In terms of growing media, some growers like to put clay pellets in the bottom, because they generally drain well. You might cover that with a mix of perlite and vermiculite or with some other things like rockwool. Growers might choose not to use rockwool if it's in large slabs, because you really need something with a finer texture that you can submerge the plant in and let the roots grow in.

Whatever you use, make sure you have the correct depth. Some birds have recommended getting trash bins or Rubbermaid containers and filling them up with media, with a kind of a liner on the outside to help seal out light. Of course, the top of the plant, the green part, is going to be getting the light -- after all, potatoes are a root vegetable. As the roots grow in the darkness, you get your product. But up above, the green stems and leaves are well exposed to either natural light or your artificial grow lights that hopefully have the right spectrum.

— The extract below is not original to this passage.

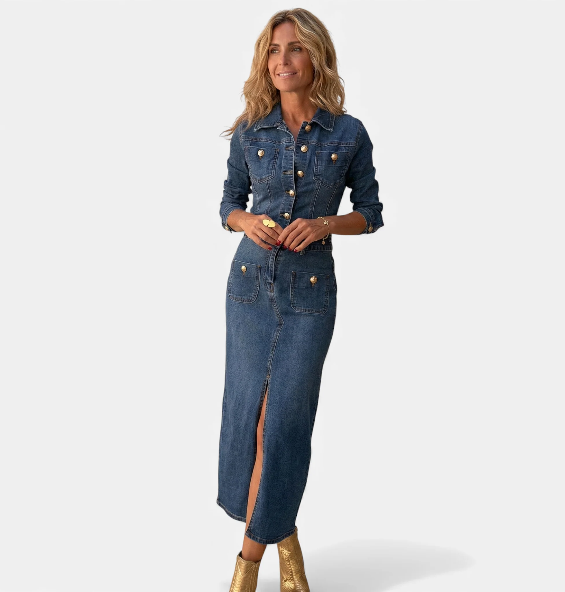 Cette robe en jean automne associe la netteté d’une ligne mi-longue à l’allure affirmée d’un col chemise boutonné. La coupe cintrée épouse le buste et marque la taille, offrant un maintien flatteur sans contraindre le mouvement. Les manches longues et la longueur midi en font une pièce adaptée à la mi-saison, portée aussi bien au bureau qu’en fin de semaine. Le denim à la teinte indigo légèrement patinée révèle un toucher dense mais souple, qui structure la silhouette sans rigidifier. Les surpiqûres contrastantes et la fente discrète à l’avant facilitent le pas, garantissant une allure moderne et maîtrisée au quotidien.
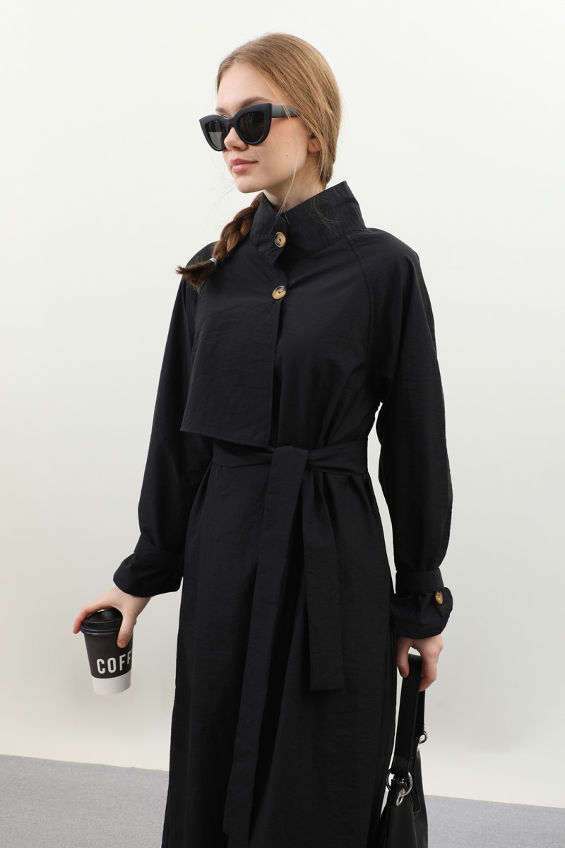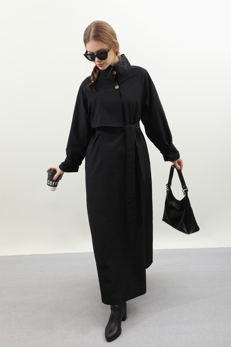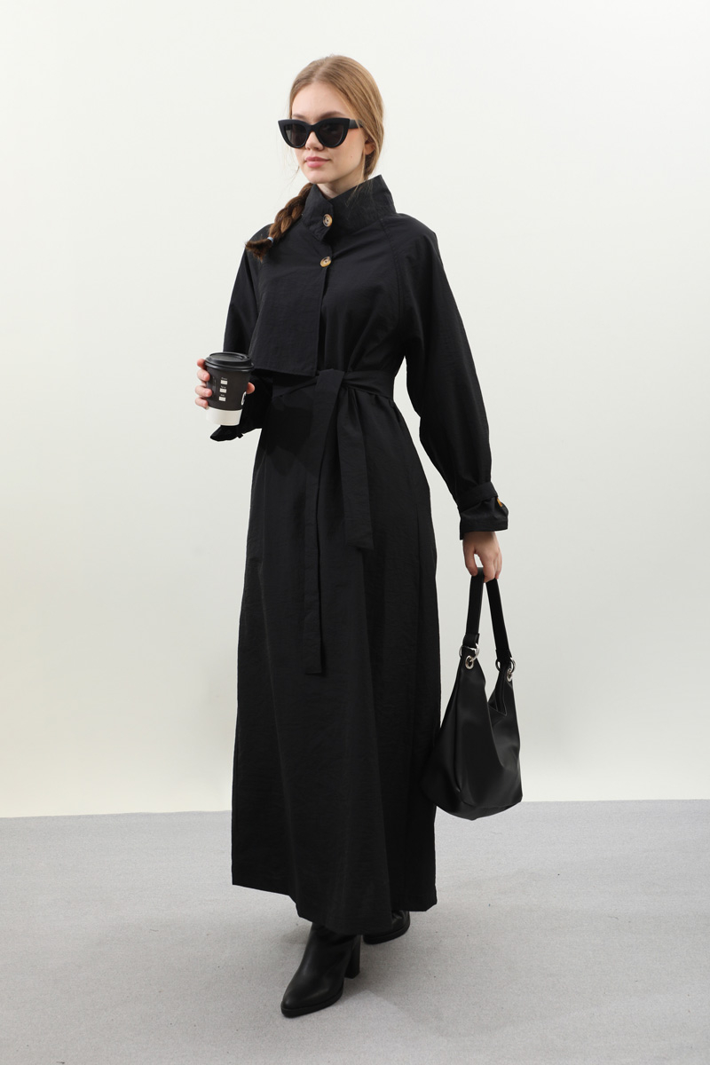 Yarım Rüzgarlıklı Paraşüt Elbise Siyah. Balıkçı yakadır, önden düğmelidir, reglan kolludur, hareketli rüzgarlık detaylıdır, manşetleri ayarlanabilir kemerlidir, astarlıdır, yandan ceplidir, kuşaklıdır, Günlük kullanım ve özel günlerinizde tercih edebilirsiniz.

One way to advance this idea is to use interior reflective material above the lining of your bin. That will get more light to the tops of your plants to help them out with photosynthesis.

Delivering Nutrient-Rich Water

There are many ways to deliver the water to potatoes. You can use a drip system and start it at the top of the bin. You can use a flood and drain system that pumps water in and then out again. You can do all sorts of things, and this is really up to you. Hydroponic growers are free spirits -- they go by their own compasses. There'll be a lot of the things that you build into a system will be tested in the crucible of trial and error. If they work, you'll keep doing them. If they don't, you won't.


When your hydro potatoe plants have really grown up, and you can see that there are sizable root structures, you can take out the plants and harvest your fingerlings or yellow yukons or whatever. Make sure to keep potatoes in a cool, dark, dry place so that they'll last longer. Create french fries, mashed potatoes, or other popular sides for dinner, or sell your extra producer at a farmers market or other venue.